With the state changing its formula for how it grades schools, teachers and administrators at New Orleans Charter Science and Math High School taking a hard look at what and how students learn.

The Advocates for Science and Math Education board of directors also heard from two instructors on these changes at its Jan. 17 meeting.

Co-Principal Claire Jecklin identified both pros and cons within the new criteria, calling the newly mandated ACT test “the toughest road ahead.”

Schools will only receive points for ACT scores of 18 or above. Jecklin said that while the school put a heavy focus on the test beginning last year, Sci High students generally score at, or just below an 18.

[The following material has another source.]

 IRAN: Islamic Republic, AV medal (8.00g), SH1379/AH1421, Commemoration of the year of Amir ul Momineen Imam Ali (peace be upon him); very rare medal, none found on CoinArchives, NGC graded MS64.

Alongside ACT scores, schools will also now be measured by a four-year graduation rate, and end-of-course test scores.

More than half of Sci High students are enrolled in AP courses. It is unclear however if schools will continue to receive points for students enrolled in these college prep courses.

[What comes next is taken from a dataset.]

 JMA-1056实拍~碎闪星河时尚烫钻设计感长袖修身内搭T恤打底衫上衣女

In switching from the Graduation Exit Exam, to strictly the end-of-course test, U.S. History instructor Allon Brann describes the new material as more specific, yet still calls the state curriculum “very impoverished.”

When compared with either test’s material, Brann explained that Sci High’s AP class standards are the most rigorous, cover more specific content, and ask more analytical questions.

Brann said another major problem with the state’s new measurement tool is that students only need to pass U.S. History or Biology, not both.

Biology instructor DJ Johnson echoed Brann’s description of end-of-course requirements also calling them more specific than the current exit exam, yet, he said, lacking depth.

Concerning the ACT, Johnson worries that students will struggle with the large vocabulary used in the science portion.

“Literacy can really hold a student back even if they are good at science,” Johnson said. “The questions sometimes border on reading comprehension over anything else.”

Co-principals Claire Jecklin and Chana Benenson describe properly tracking dropout rates as another component in the ongoing struggle with the state concerning school data.

Students who move schools or out of state without informing Sci High, incarcerated students, and even a deceased student were all examples given of incorrectly qualified dropouts that the principals are working to disprove.

Sci High currently has a B rating from the state with a school performance score of 115.7.

The Advocates for Science and Math Education will hold its next board meeting on Feb. 21 at 4:30 p.m.